Why do we keep trying to “educate the people,” even if it doesn’t work? That’s the question in my mind as our Environmental Engagement class discusses three different models of environmental communication this coming week:
- The deficit model, perhaps the default model in environmental communication, which assumes our primary goal is to combat a deficit of environmental knowledge (more bluntly, ignorance), and in so doing to motivate appropriate actions.
- The framing model, a step above the deficit model in sophistication, where you are still trying to raise awareness and motivate action, but via a culturally appropriate frame sensitive to your audience.
- The dialogic model, where (shock!) environmental communication is a two-way street, and where perhaps both of you change your minds in the process.

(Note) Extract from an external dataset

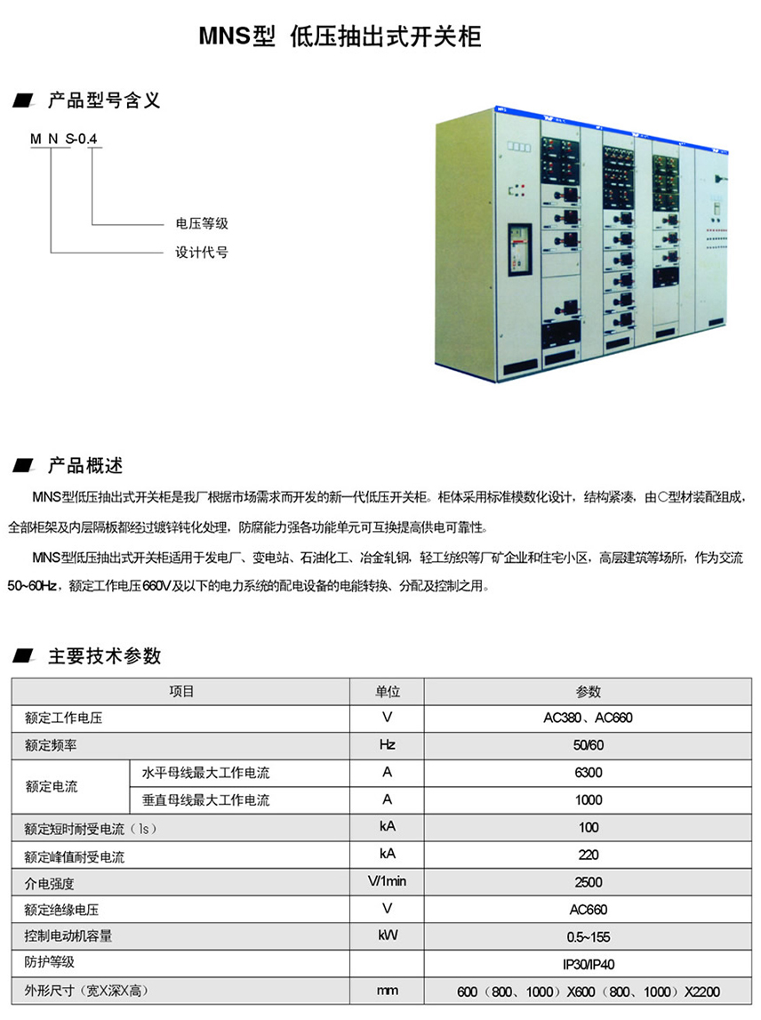 MNS型 低压抽出式开关柜

No matter how many reams of scholarly research suggest limitations in the deficit model (see that linked page above), it still seems to be taken for granted as environmentalists decide how to engage with their fellow humans. What are these limitations? Certainly there are lots of ways in which public knowledge is not up to what we’d like it to be. But, surprise!, most people are so inundated with facts—many of them contradictory—that they tend to turn down the volume, and even when they acquire new knowledge there’s no guarantee at all that this will result in changes in action, for a variety of intuitive reasons.

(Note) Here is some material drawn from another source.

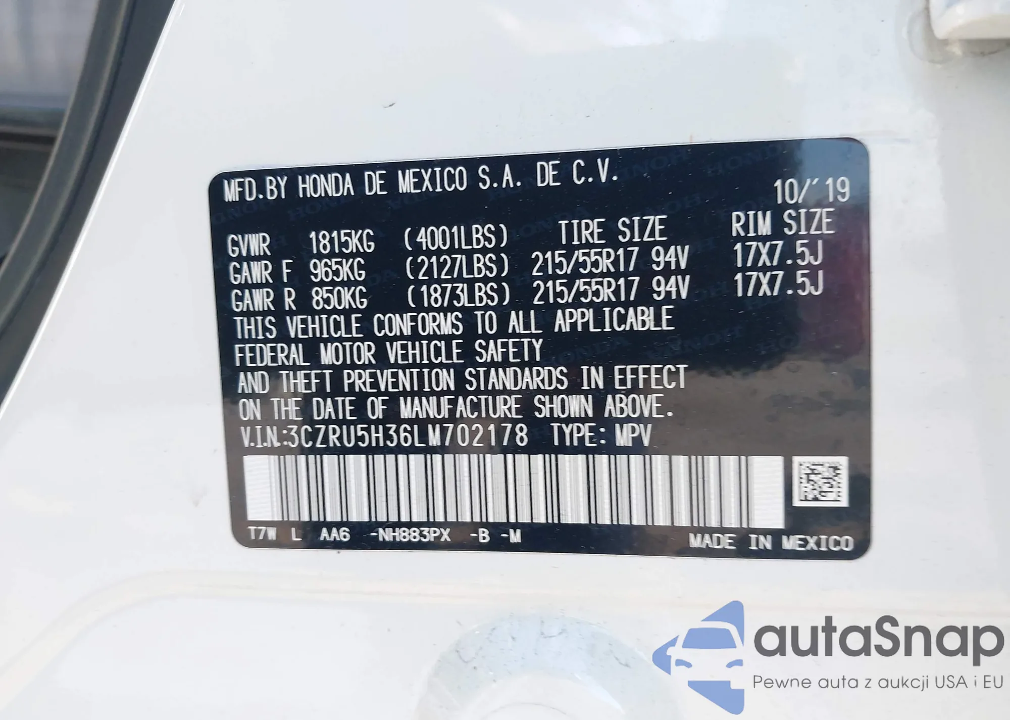 • VIN 3CZRU5H36LM702178

A provisional answer to my question: perhaps the whole notion of “educate the people” is ubiquitous, far bigger than just environmental outreach—go ahead and Google it, and you’ll see all sorts of results. And maybe this notion is more about reinforcing our own social identities (as the people with the facts, whatever those facts may be) than doing effective communication…because there’s plenty of evidence that it’s not the latter.
The featured image for this post comes from the 2011 Brunei Press calendar, one of countless examples of environmental outreach, in this case designed
to educate the people of the facts about the Global environmental situation through images / illustrations.
The facts in this case include e.g.
It takes 500 years for plastics and aluminium cans to break down
or
The 20th century was the warmest century of the last 1000 years
I’d be curious: who purchased this calendar and put it up on their wall? Possibly those who, by this action, reinforced how they view themselves, i.e., as people with environmental knowledge and concern, and people who are taking action on these concerns.
There’s nothing sinister about all this; it is not some conspiracy of misinformation. I suspect that if we looked carefully at the environmental knowledge being propagated via deficit-model forms of communication, it would be mostly correct. The point is that it’s not effective, and perhaps more to the point of environmental engagement, it presumes a one-way flow of information from us to them.
What we’re doing in our ENVS Program is different: we don’t presume that everyone possesses equal expertise, but we do presume that everyone is worth listening to, and maybe in those more dialogic forms of interaction we can witness more lasting change on both sides.